Can't disable password login ssh

I read about this in an ancient post (2014) but did not see a resolution.

I have both Leap 15.6 and Tumbleweed 20250417 installed on an HP laptop.

The Leap has a file /etc/ssh/sshd_config and I have set PasswordAuthentication no. My ~/.ssh folder has permissions set correctly, and contains an id_rsa file. When I connect with ssh, I am asked for a password, which is my regular user password. It allows me to connect.

My understanding is that the login should fail in this case.

When I ask for verbosity while connecting, there are no messages indicating failures that I can tell.

The Tumbleweed does not even have a sshd_config file, at least not in the /etc/ssh folder. When I connect with ssh, I am asked for the id_rsa password, which is what I want.

Is there an easy fix for this? Is it a bug?

No one can help you without logs.

Do: cat /etc/ssh/sshd_config | susepaste and post the returned paste.opensuse.org link here.

It is not clear to me from where you are trying to reconnect to what. Please elaborate. My feeling is that you are barking up the wrong tree.

Tumbleweed uses a defaults setting that puts configuration files in /usr/etc/, and overrides go in /etc. So what you can do to set the configuration system-wide is copy the /usr/etc/ssh/sshd_config file to /etc/ssh/sshd_config and change the configuration there.

You connect with ssh from where to where?

In which case? I really do not understand what you are asking. There are a lot of different settings on a client and a server affecting login and you did not describe them.

Anyway, sshd can request password using either PasswordAuthentication or KbdInteractiveAuthentication (alias ChallengeResponseAuthentication) which are two different login methods in SSH protocol. So, any use of “password login” is highly ambiguous.

Yes, there is an easy “fix”. No it is not a bug.

You can copy “/usr/etc/ssh/sshd_config” to “/etc/ssh/sshd_config” and then modify that copy. But it is better to use the preferred method. Just create a drop-in file in “/etc/ssh/sshd_config.d/” and put your changes there.
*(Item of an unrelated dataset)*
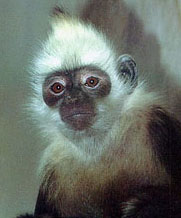 With the alias of Colored Leaf Monkey, it belongs to the Cercopithecidae family of Primates order. Its scientific name is Presbytis leucocephalus (Latin), or White-headed Leaf Monkey (English).

My drop in file for this is “/etc/ssh/sshd_config.d/01-auth.conf”

E-h-h … to the extent I could understand OP the Tumbleweed does what OP wants. It is Leap which seemingly behaves “incorrectly”. But we do not even know whether Leap and/or Tumbleweed are a client or a server.

The OP does not say which version of Leap he is referring to, though he does mention 15.6. Drop in files work fine with Leap 15.6, but I don’t think they were supported in Leap 15.5 or earlier.
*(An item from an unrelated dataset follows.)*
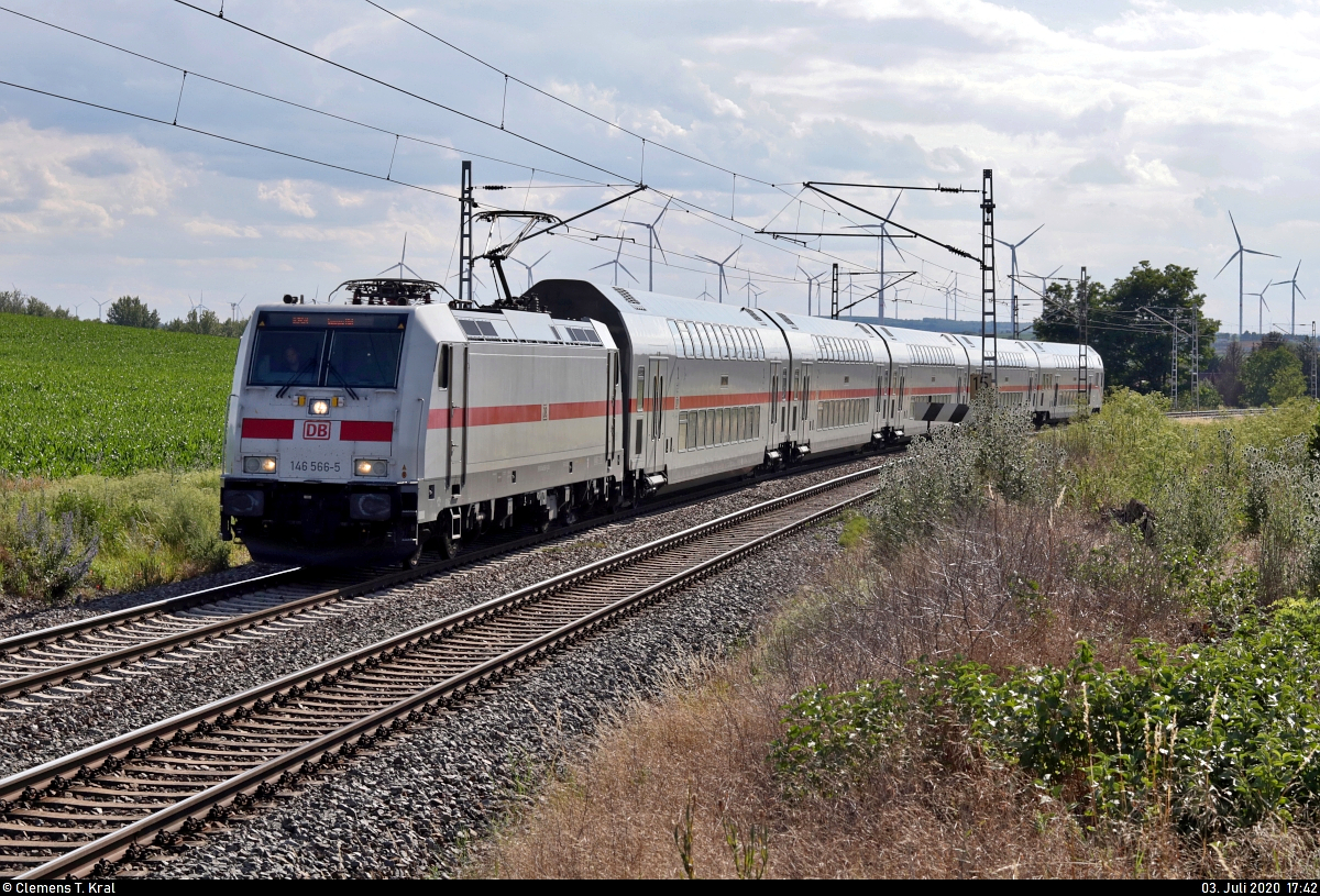 Sehr pünktlich fährt hier 146 566-5 DB als IC 1959 von Düsseldorf Hbf nach Leipzig Hbf bei Eisdorf (Teutschenthal) auf der Bahnstrecke Halle–Hann. Münden (KBS 590).

However, something I think we both missed is that OP’s issue isn’t on the TW system, but on the Leap system. He’s trying to set it up so it doesn’t accept passwords, but it does.

Setting PasswordAuthentication no in sshd_config should be sufficient on the server end. There’s nothing on the client end that will override this (indeed, that would make things less secure)

@notbob11 - seeing what’s in /etc/ssh/sshd_config will help us understand what’s going on. Knupht’s susepaste command is the best option to help us see how the system in question is configured.

Sufficient for what?

Disabling password logins. He wants to use public key authentication only.

No, it is not. Read my earlier reply.

Somehow I missed that as well. Time for my morning caffeine, I guess.

I was literally just looking at that on a test system to see if that might be the issue.

And, indeed, it is. @notbob11 - if you execute ssh with -v, you’ll see something like this at the end of the messages if it is using kbdInteractive authentication:

debug1: Next authentication method: keyboard-interactive
(jhenderson@172.16.42.184) Password: 

Disabling that method, per arvidjaar’s comment, will resolve that.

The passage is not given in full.